By Morf Morford, Tacoma Daily Index
I have long believed that we should do as many other mammals do – hibernate, or at least go into a slower, moderated pace in January.
There are many reasons for doing this.
From inclement weather in many places, to post-holiday depletion for most adults (and certainly the majority of children), January is by default, for most of us, a month of recovery.
There must be some intergovernmental agency in charge of such things, or perhaps we could all contact our local and regional political representatives, or maybe develop a citizen-based initiative, but whatever the process, we need to make it known that “we the people” (and a fair amount of animals) have recognized something that most of nature has known for millennia – we should all hibernate in January.
Much of nature goes dormant in the winter months. It is a time for re-grouping, re-organizing, even re-calibrating, getting ready to set forth into the coming spring prepared, rested and, like bears and other creatures, hungry and energized to face the challenges and needs of a new season.
It certainly seems to me that the challenges and opportunities of spring will require, even demand our full energy and focus.
If not full-blown hibernation, perhaps we could all (or at least most of us) dial it back a bit and operate at something like half or three-quarter speed.
As you may have noticed, over this winter, multiple schools, airports, highways and business have closed for a variety of reasons.
Whether it is ice or snow, technological glitches or some viral infection, all the forces of nature (and beyond) seem to be telling us all to slow down.
It is not by accident, after all, that January is one of only two months with two federally recognized holidays. We need them. (November, another dark and stormy month, is the other one.)
The long dark
With most sun rises close to 8 a.m. and most sunsets well before 5 p.m., most of us who go to work or school leave home in the dark and get home in the dark.
In between sunrise and sunset we don’t get much sun anyway.
January is consistently one of our wettest and coldest months.
It’s a good month to bundle up. Or even curl up.
Birds do it. Bears and bees do it. Let’s do it.
Squirrels gather and hoard food for the winter.
Bears gorge as much as they can before they huddle together in a quiet and secluded place.
Even birds, whether they migrate or not, look pudgier than usual for the season.
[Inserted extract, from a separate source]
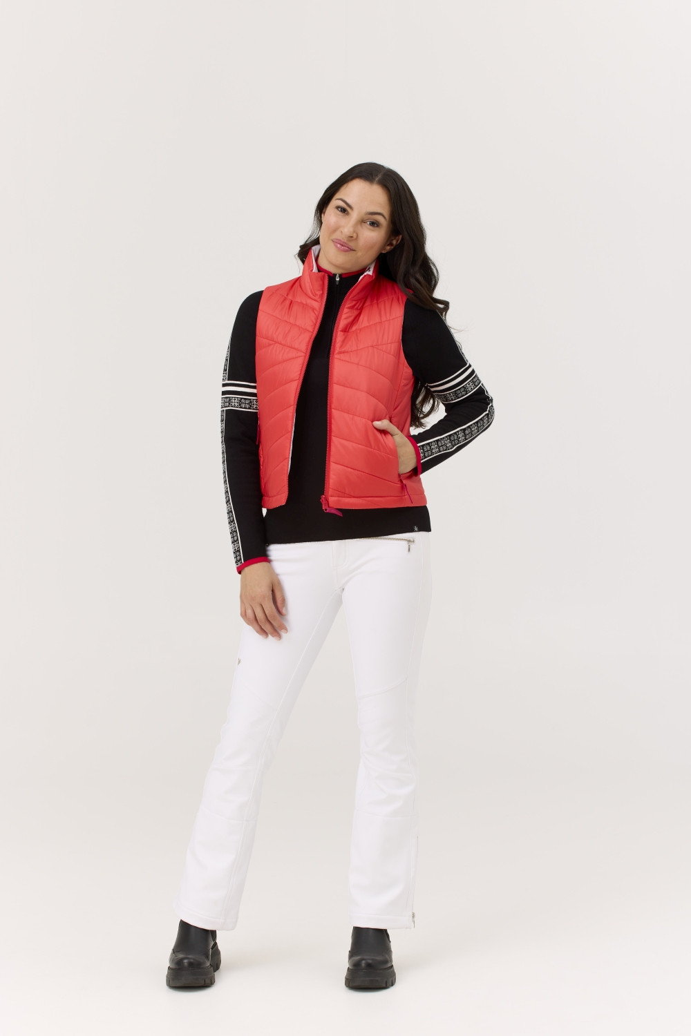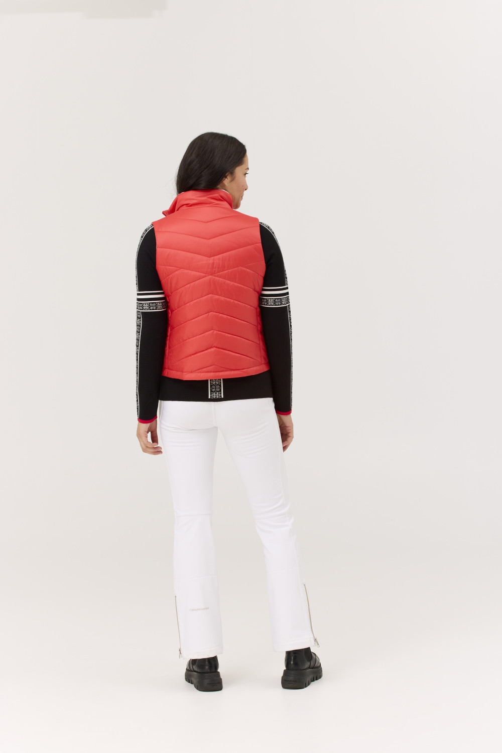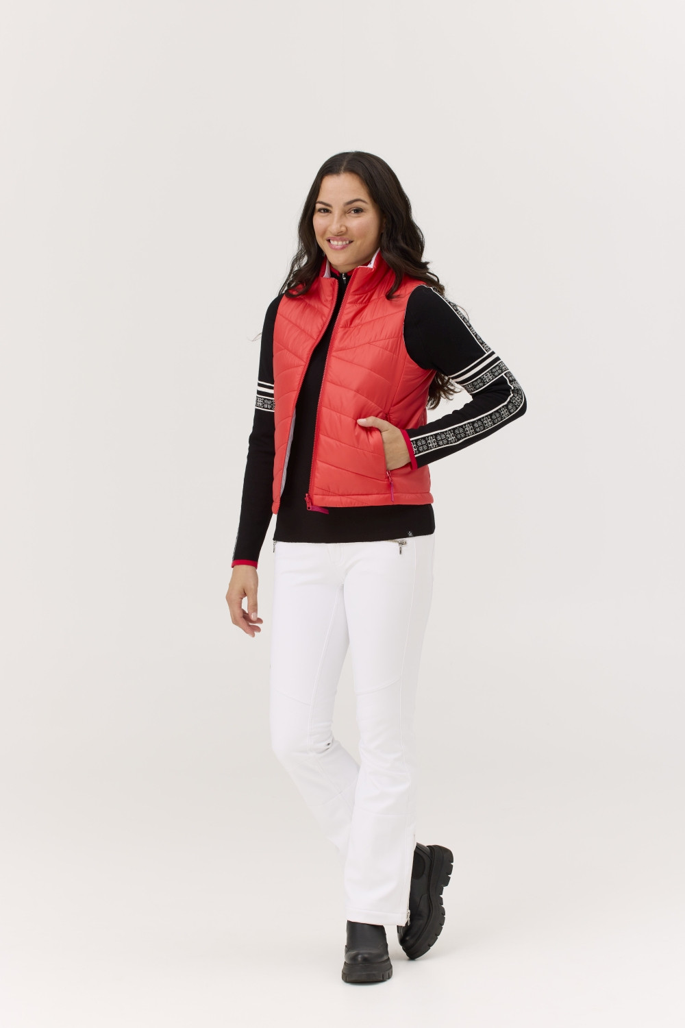 Dvě strany, jeden účel: teplo bez kompromisů. Vesta Sela je vodoodpudivá, oboustranná a připravená na cokoli, co den přinese – vyrobená z recyklovaných materiálů se sportovním střihem a měkkým prošívaným povrchem. || Tento materiál, vyrobený výhradně z recyklovaných vláken, je měkký, lehký a odolný – navržený tak, aby vám poskytoval pohodlí a zároveň snižoval dopad na životní prostředí. Má certifikaci Bluesign® a je vodoodpudivý, což z něj dělá ideální volbu pro vysoký výkon a teplo v chladných podmínkách. || Délka 22"

And, of course, some people we may know are inclined to pack on a few extra pounds thanks to the “treat season” that falls between Halloween and New Year’s Eve.
It’s almost as if we have an instinctual motivation to stock up, pork out and curl up.
After all, if bees and bears hibernate, maybe we should as well.
Netflix and nap
You’ve certainly heard the term “Netflix and chill”. I propose a new one – “Netflix and nap”.
What could be better, after all, than something like a near universal sabbatical, not necessarily a vacation, but a time when we, like the natural world around us, move at a slower pace, appreciate each other, re-focus on our goals and intentions for the new year?
Many of us aspire to resolutions of more exercise or time outside, or increased engagement with our communities.
Spring is the optimal time for those things. January is the time to plan, re-group and prepare for a more successful, memorable and rewarding spring – and a more fulfilling entire year.